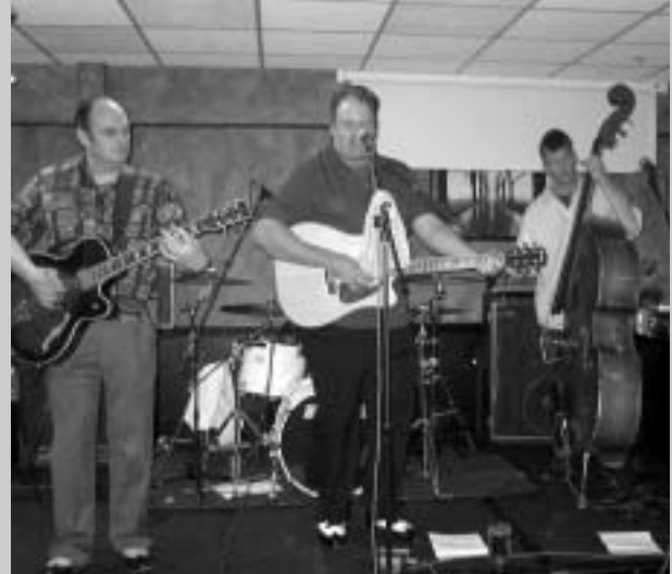
The band, Lazy Dollies, at the Monday evening reception
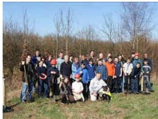
34 Volunteers + 34 trees = 1 job well done!

The play area provides a safe open space in the wood for children to run around. The circular planting scheme will provide a colourful backdrop for all seasons, as well as attracting wildlife with the fruit and blossom from the trees.
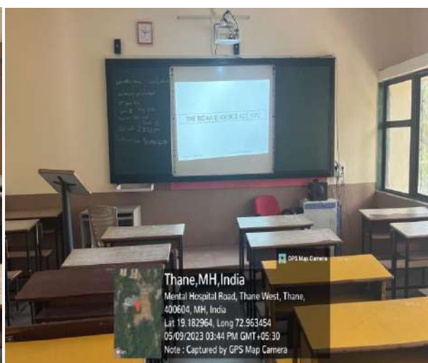
Class Room No. 26
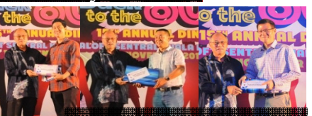
Guest Lucky Draw
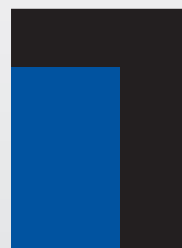
1/2 ISLAND (WxH) 4.5 x 7.375
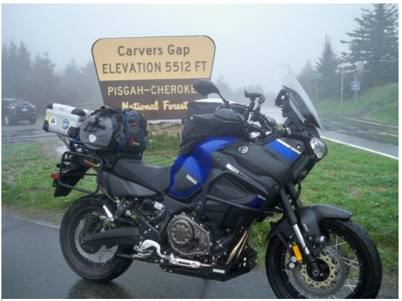
Carvers Gap where I couldn't seem to stand up. It was a really funny moment

A funny story here, one of which I don't have to tell, but will anyway. I'm in nasty weather but still decide to take the Roan Mountain route which because of the elevation becomes even nastier. It's really raining and has even become a little foggy. I park my bike for a photo in front of the Carvers Gap sign (base of Roan Mtn). As I dismount, some small rocks placed there as a landscape border cause me to trip and fall over one of the rocks. If that wasn't enough, as I get up I trip over another rock and go boom again. Please note here that I'm in full riding gear with a rain jacket, pants and helmet and thus not only look like the Michelin Man (in yellow and black) but also move somewhat
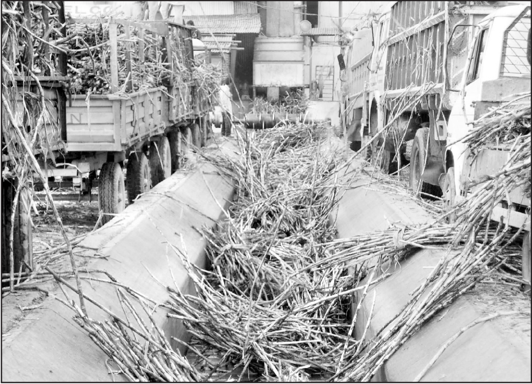
Sugarcane being crushed at Kaliachapra Sugar Mill in Kishoreganj.

He said, the yield per acre has increased to 700-900 mounds as farmers now cultivate sugarcane under agriculture experts provided by the mill. The mill purchases the sugarcane at Tk 60 per maund. A farmer can earn Tk 42,000 to 54,000 from one acre by growing sugarcane. They are more interested to cultivate sugarcane as this is more profitable than any other crop, he
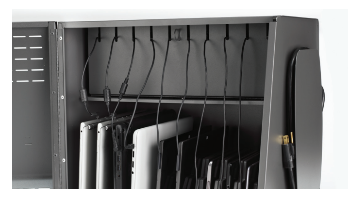
Stores and charges mixed devices - or all the same
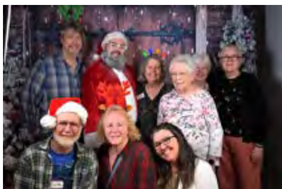
Relaxation Team at the Christmas Open House
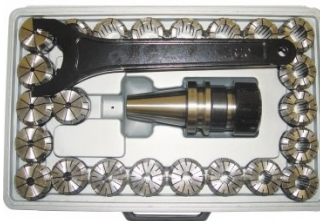
C967 Collet & Chuck Set - 25 Piece
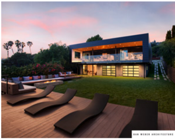
Paseo Ferrelo Category: Residential

Dan Weber Architecture
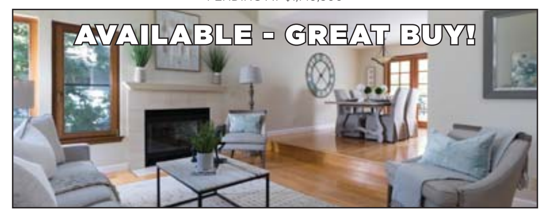
15 VIA BARCELONA | 4BR/2.5 BA | 2577± SQ.FT. OFFERED AT $1,044,000

THE PROBLEM » Exactly the lines above from the one that contains "Class Room No. 26" down to the one that contains "Carvers Gap where" are to be output, both ends kept and pictures omitted.

ANSWER FOR THIS EXERCISE »
Class Room No. 26
Guest Lucky Draw
1/2 ISLAND (WxH) 4.5 x 7.375
Carvers Gap where I couldn't seem to stand up. It was a really funny moment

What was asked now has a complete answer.